The acknowledgment hit Ben like a punch. Ian understood how close he'd come to dying. Understood that Ben's intervention was the difference between this conversation and a hospital room or worse.

"You're welcome," Ben said quietly.

They resumed walking. Fiona held Ian tighter. Ben followed, feeling the weight of unspoken questions and impossible answers.

He'll never believe the coincidence story. He's too smart, saw too much. But he's accepting it anyway because what's the alternative? Accusing me of precognition? Demanding explanations I can't give?

The Gallagher house appeared ahead—lights on in every window, shapes moving behind curtains. The family was waiting, probably frantic with worry and relief in equal measure.

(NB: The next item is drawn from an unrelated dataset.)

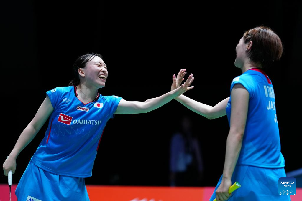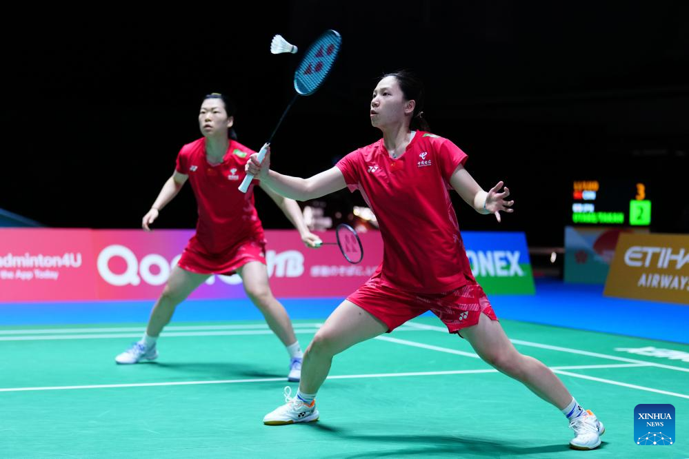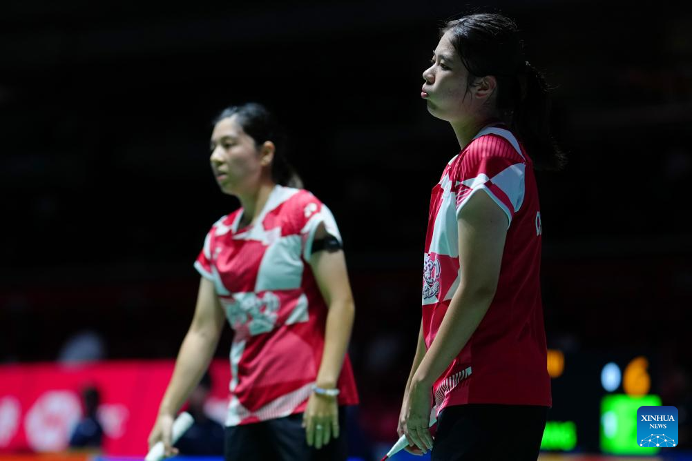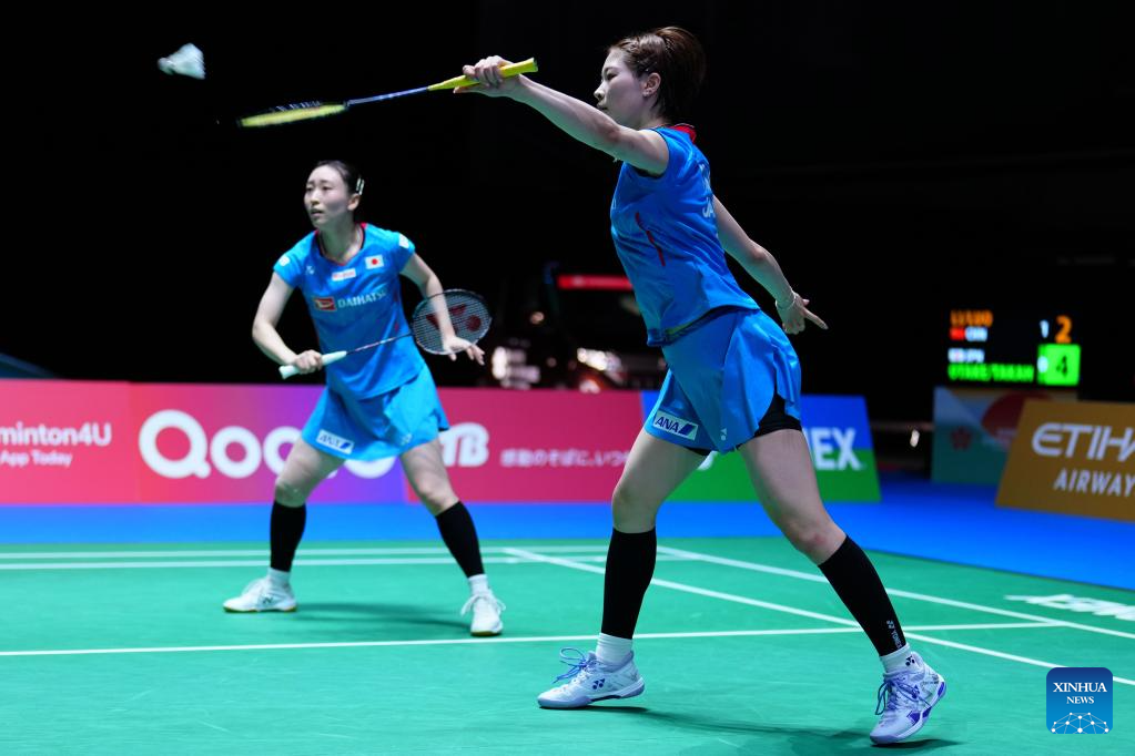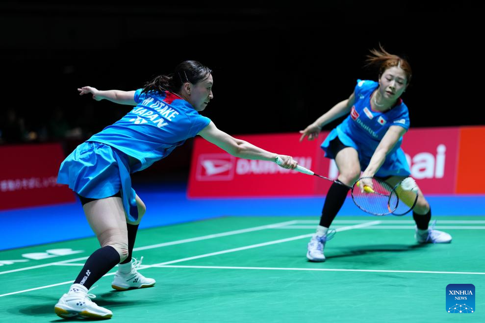 Jia Yifan/Zhang Shuxian (L) compete during the women's doubles round of 32 match between Jia Yifan/Zhang Shuxian of China and Sung Shuo Yun/Yu Chien Hui of Chinese Taipei at the Japan Badminton Open 2025 in Tokyo, Japan, July 15, 2025. (Xinhua/Jia Haocheng)

"One more thing," Ian said at the door. "You said if treatment and support work, bipolar gets better. That was true, right? You weren't just telling me what I wanted to hear about Mom?"

The question was about Monica, but it was really about trust. Could Ian trust anything Ben said if his timing was impossible?

"It was true," Ben said. "With proper treatment and support, people with bipolar disorder can manage it. Live full lives. I wasn't lying about that."

Ian nodded. Seemed to accept this. "Okay. Good."

They went inside to chaos—Debbie crying in relief, Carl demanding details with morbid enthusiasm, Lip assessing Ben with complicated expression, Frank already spinning the story for maximum drama.

Ben stayed for twenty minutes, accepted thanks and questions and Debbie's fierce hug. But the attention felt suffocating, the gratitude like weights. He excused himself as soon as possible, citing exhaustion.

Walking back to his garage, Ben felt the neighborhood watching him differently. Word had spread already—the shooting, the intervention, Lucky Ben who'd saved Ian Gallagher through impossible timing.

His reputation had shifted from helpful handyman to something else entirely. Something more dangerous and less believable.

The nickname would stick now. Lucky Ben. The guy who showed up at exactly the right moments. Who knew things he shouldn't know. Who performed minor miracles disguised as coincidence.

And everyone would be watching to see what impossible thing he did next.